A partial right quad tear during Reid’s sophomore year was reaggravated in 2012, though he played through it. “It’s completely healthy now and not a problem,” he said.  

The 21-year-old Louisiana native played his first two seasons with Cardinals CB Patrick Peterson, Cowboys CB Morris Claiborne and All-American CB Tyrann Mathieu, but he had to adjust to being the leader without their presence his junior year.

“I think it was better for him this year by not having those types of guys around him,” LSU defensive backs coach Tiger Raymond said. “It put him in the front to not just be another guy. Now he had to talk more to the younger guys and be a leader. That was one of the things that helped him become a leader in the backfield with so many freshmen playing.”

Raymond — who stayed with Reid’s father, Eric Sr., in the same LSU dorm and replaced Ron Cooper as DB coach this year — said Reid is a polished player scheme-wise, but he wanted to better his footwork, develop his leadership qualities and his pre-game preparedness. 

“He can cover the slot,” Raymond said. “He’s done some nice things there for a safety. He can do multiple things. He could come into the box, make tackles, and then play in space against receivers.

“The great thing about him is the way he approaches the game. He is going to be NFL-ready. He is going to be like a veteran with the things we worked on this year.”

Raymond, who thinks Reid’s game resembles that of 49ers All-Pro safety Dashon Goldson, said his talented pupil could be the face of an NFL franchise because “he does everything right on and off the field and always looks to improve himself.”

As for Reid, he is training with 40 other NFL prospects — including Notre Dame’s Tyler Eifert and Manti Te’o, and Lacy. Reid added he’s developed a close bond with Eifert during their training as they work on safety-tight end coverage drills at half-speed, and they have even taken in a recent Miami Heat-Los Angeles Lakers game together.

One area of Reid’s game that needs improvement is covering wide receivers without checking downfield.

“The huge thing, especially for DBs in their transition to the NFL, is that it’s not like college anymore,” Reid said. “You can’t bang a receiver all the way down the field. You only have a five-yard cushion. I’m looking to improve upon my coverage without touching receivers."

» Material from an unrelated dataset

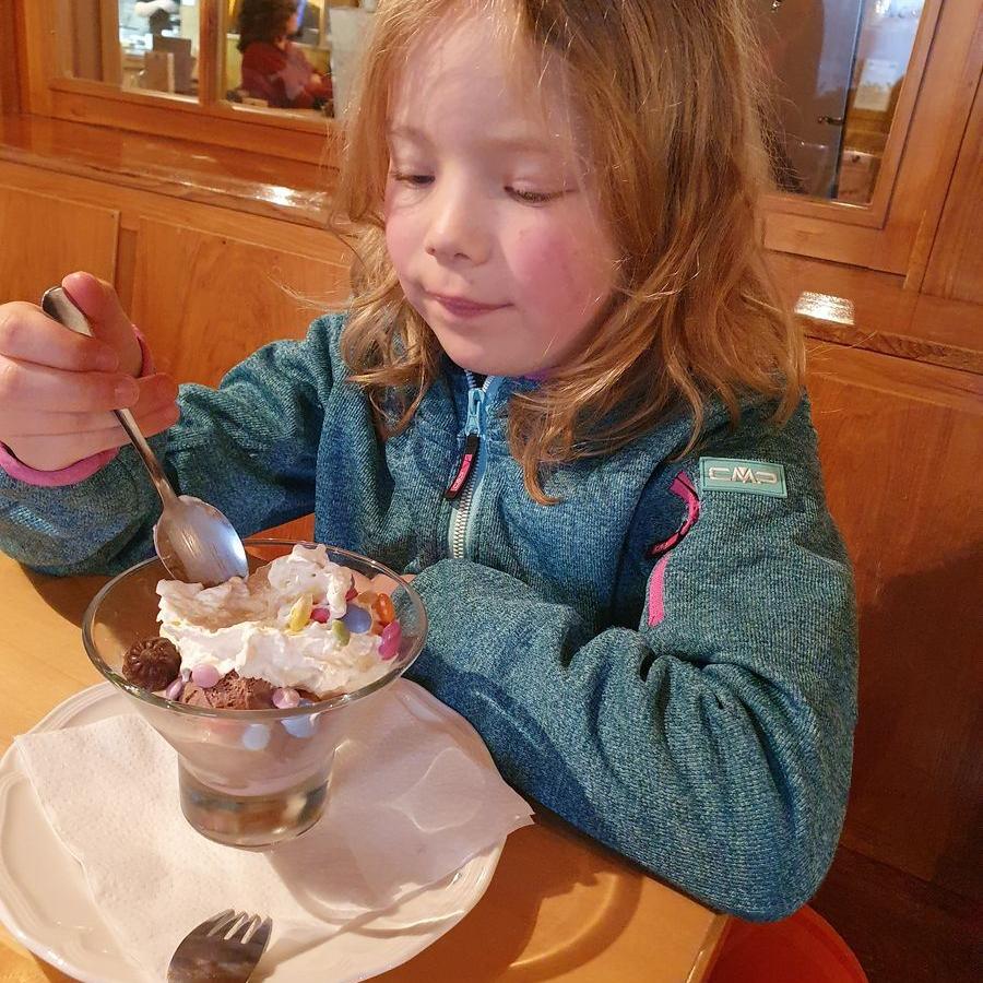 Nach dem Frühstück verabschiedeten wir uns von der Chamer Hütte. Emma und ich waren die ersten, die aufbrachen. In der Nacht bekamen wir ca. 20 cm Neuschnee. Ich lief, mit der kleinen Maus auf unserem Schlitten im Schlepptau, durch den tiefen Schnee bis zum Parkplatz in Bodenmais. Die anderen wollten noch abwarten, bis das Pistenfahrzeug die Abfahrt plattgewalzt hat, um dann abzufahren.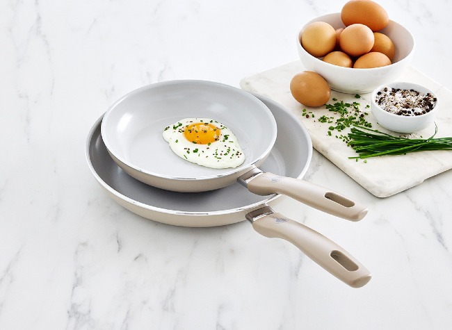 As the inventors of ceramic nonstick, we’re proud of the things we don’t put in our pans. Our Thermolon™ coating won’t release toxic fumes when overheated and creates 60% less CO2 than traditional nonstick during the curing phase. It lasts longer, performs better, and it makes every meal healthier. Healthy cooking starts with GreenPan.

Football doesn’t solely rule Reid’s life, as he is a devoted father to his precious three-year-old daughter, LeiLani, who knows it’s daddy on the TV by his number. He also wants to someday complete his business marketing degree (his parents emphasized education being vital to success throughout his childhood) and help his former teachers in his hometown whenever he can. Down the line, Reid wants to start a nonprofit organization.

“Having a child so young, it definitely changes your motives,” Reid thoughtfully stated. “When she was born, I had to grow up. I knew I had to stay focused and provide for my daughter; she is the reason that I do everything that I do.”